Yet the above doesn’t explain the riddle of HGTV’s intense appeal. What, at heart, is its lure? Why do people who know better, watch this? Why do these shows hypnotize us?
My husband and I don’t fit the channel’s target demographic. We don’t care about buying stuff. In fact we hate buying stuff—that is, things. (We would rather spend money on cheap travel.) We drive old, compact cars and live in a paid-off 1930s bungalow he bought 30 years ago—before house prices in our Northern California county went stratospheric, making buying a house impossible for the young, and a spectator sport for all but the uber-wealthy. Our little house has charm but it’s saggy and worn: like many others of its kind, it makes no sense in terms of its formal appraisal value. It’s a funky house in a ‘hood which lately—as a bedroom to tech zillionaires working in San Francisco—has become desirable. We are proud of our digs, a hair defensive, a hair embarrassed. I call our kitchen a mini-version of the kitchen in Monet’s shambly Giverny house. Shabby chic is our only-half-joking motto.

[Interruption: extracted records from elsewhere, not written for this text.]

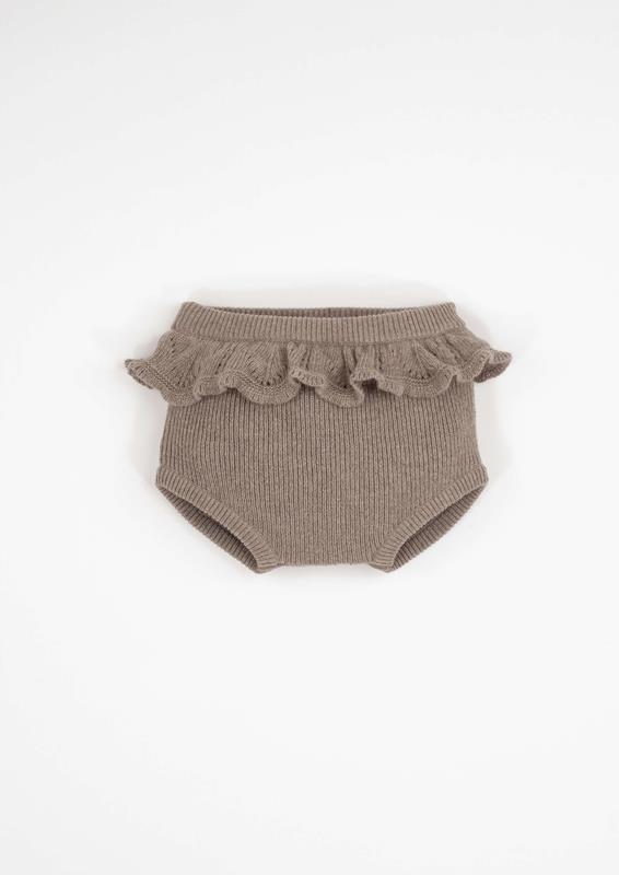Knitted culotte with frill on waist. Adjustable elasticated knitted legs. Exclusive design knitted in Spain using cashmere and top-quality wool.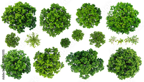 Overhead view of diverse green trees, showcasing variety in size and foliage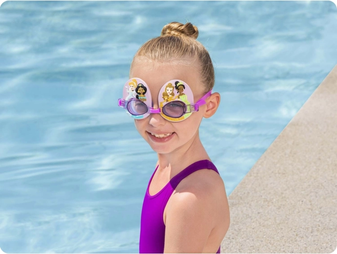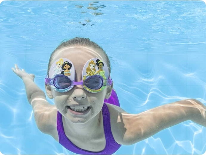 De kinderzwembril PRINCESS van Bestway combineert een speels design met praktische oogbescherming. Heldere lenzen bieden goed zicht onder water, terwijl het UV-filter de ogen buitenshuis beschermt. Comfortabele zachte randen en een verstelbare siliconenband zorgen voor een stabiele en milde pasvorm.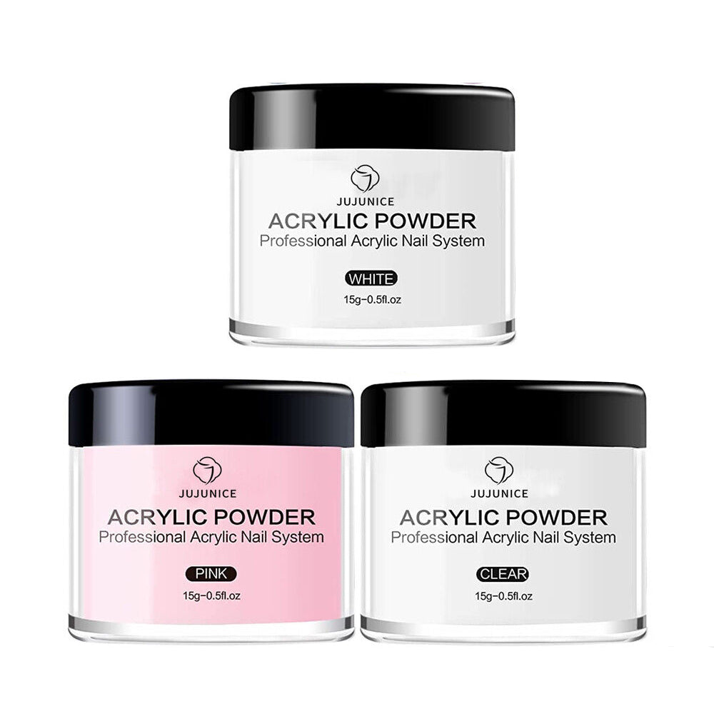 Acrylic Powders in 3 Colors (Clear, White and Pink), 15g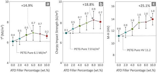 Results regarding the values of neat PETG and all the PETG/ATO composites as to the (a) tensile toughness, (b) Charpy impact strength, and (c) M-H.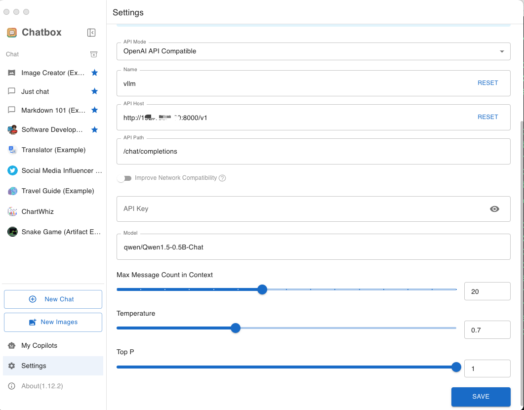 • API Host: http://{vllm server host}:{vllm server port}/v1
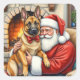 Sticker Carré Santa Claus Holding Belgian Malinois Christmas Art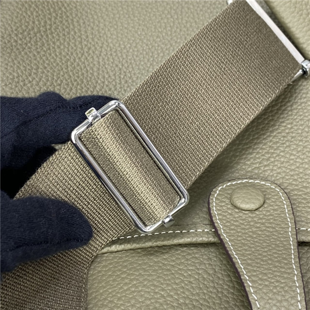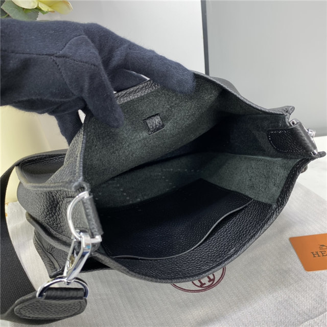 Bag in taurillon Clemence leather with adjustable shoulder strap, perforated leather “H”, exterior pocket, leather tab closure and palladium-plated hardware.

Yet HGTV tugs at something in us—at something in most everyone. People of all stripes crave an idea of Home—the whole cantilevered fantasy, its intricate particulars whirling and fanning, a vision the world can never stop parsing. In English, the word home contains the meditative OM sound, a sustained vibration that seems to inject our bones with an irresistible promise—sanctuary, safety, peace, freedom—and together with those notions, all the feels, as social media puts it. Ease, serenity, security. The right fit. Belonging.
Sounds like biblical absolution, doesn’t it? Heavenly balm. The ideal home will bring us into focus: make us whole, well, clear. Our best selves will bloom—as if tapped by a magic wand—because of where we happen to stand upon the planet and (not least) in what sort of shelter: the pile, the base, the HQ where we eat and sleep and bathe, dream and cry, love and brood and laugh; in some places, echoing earlier eras, where we’re born and die.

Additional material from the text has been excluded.